START The data

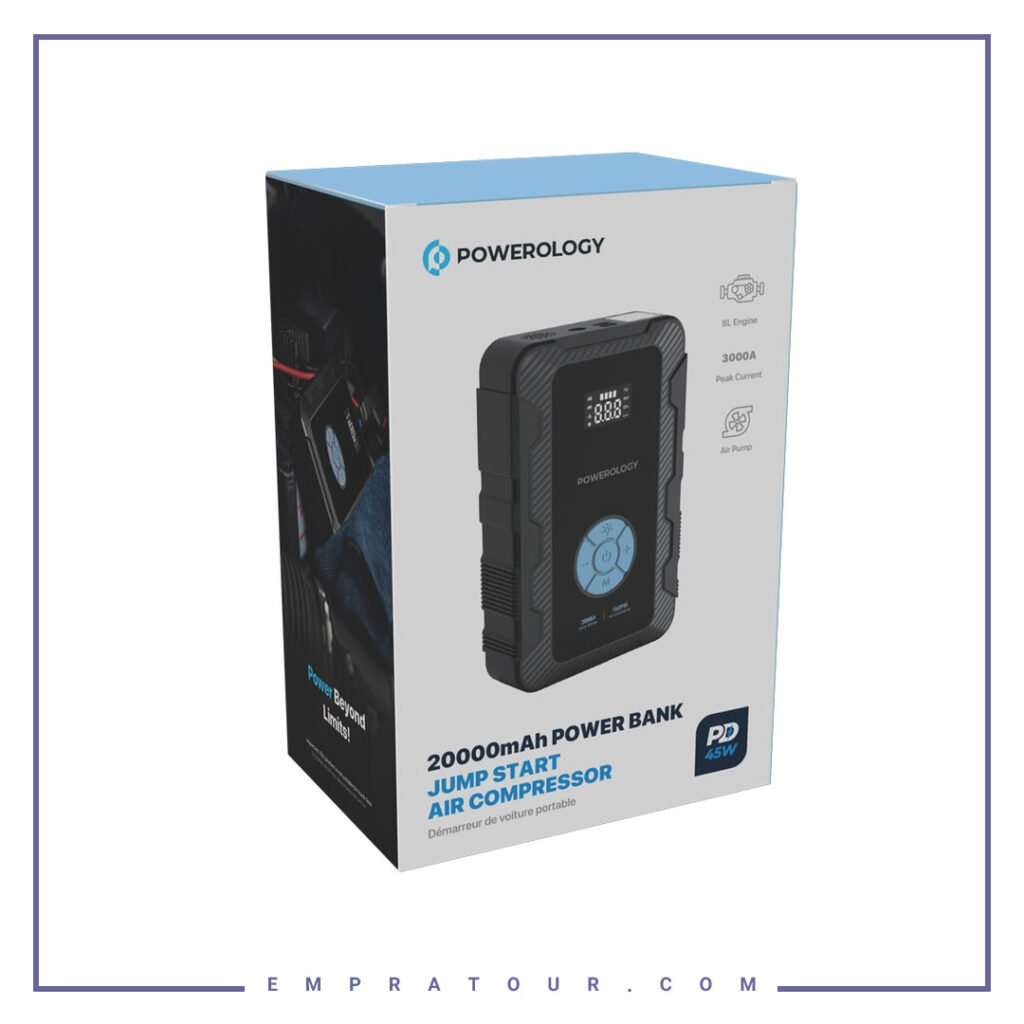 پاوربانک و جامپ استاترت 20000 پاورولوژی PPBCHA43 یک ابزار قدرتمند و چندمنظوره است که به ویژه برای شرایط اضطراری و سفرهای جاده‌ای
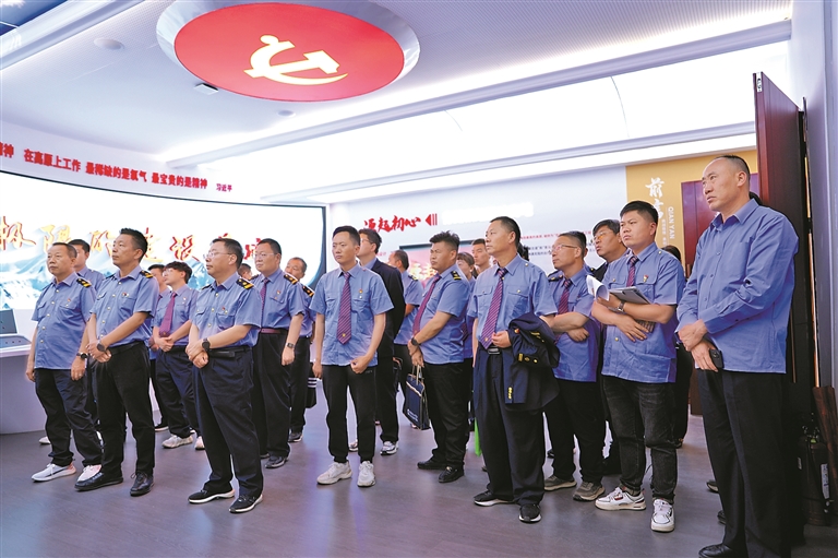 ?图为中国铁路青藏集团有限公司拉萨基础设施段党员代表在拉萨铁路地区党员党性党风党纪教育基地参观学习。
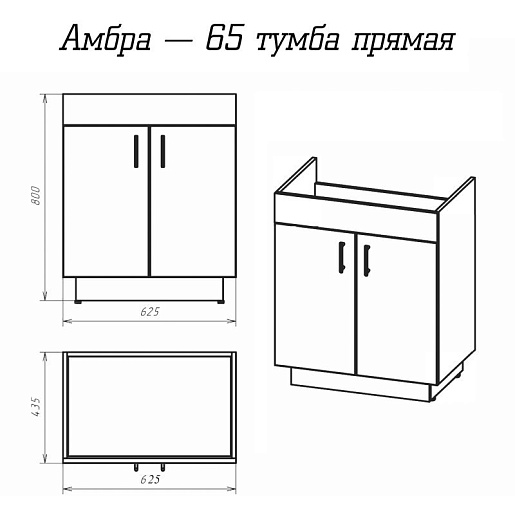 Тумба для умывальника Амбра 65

END The data

For this exercise, transcribe the data exactly but without its pictures.

 پاوربانک و جامپ استاترت 20000 پاورولوژی PPBCHA43 یک ابزار قدرتمند و چندمنظوره است که به ویژه برای شرایط اضطراری و سفرهای جاده‌ای
 ?图为中国铁路青藏集团有限公司拉萨基础设施段党员代表在拉萨铁路地区党员党性党风党纪教育基地参观学习。
 Тумба для умывальника Амбра 65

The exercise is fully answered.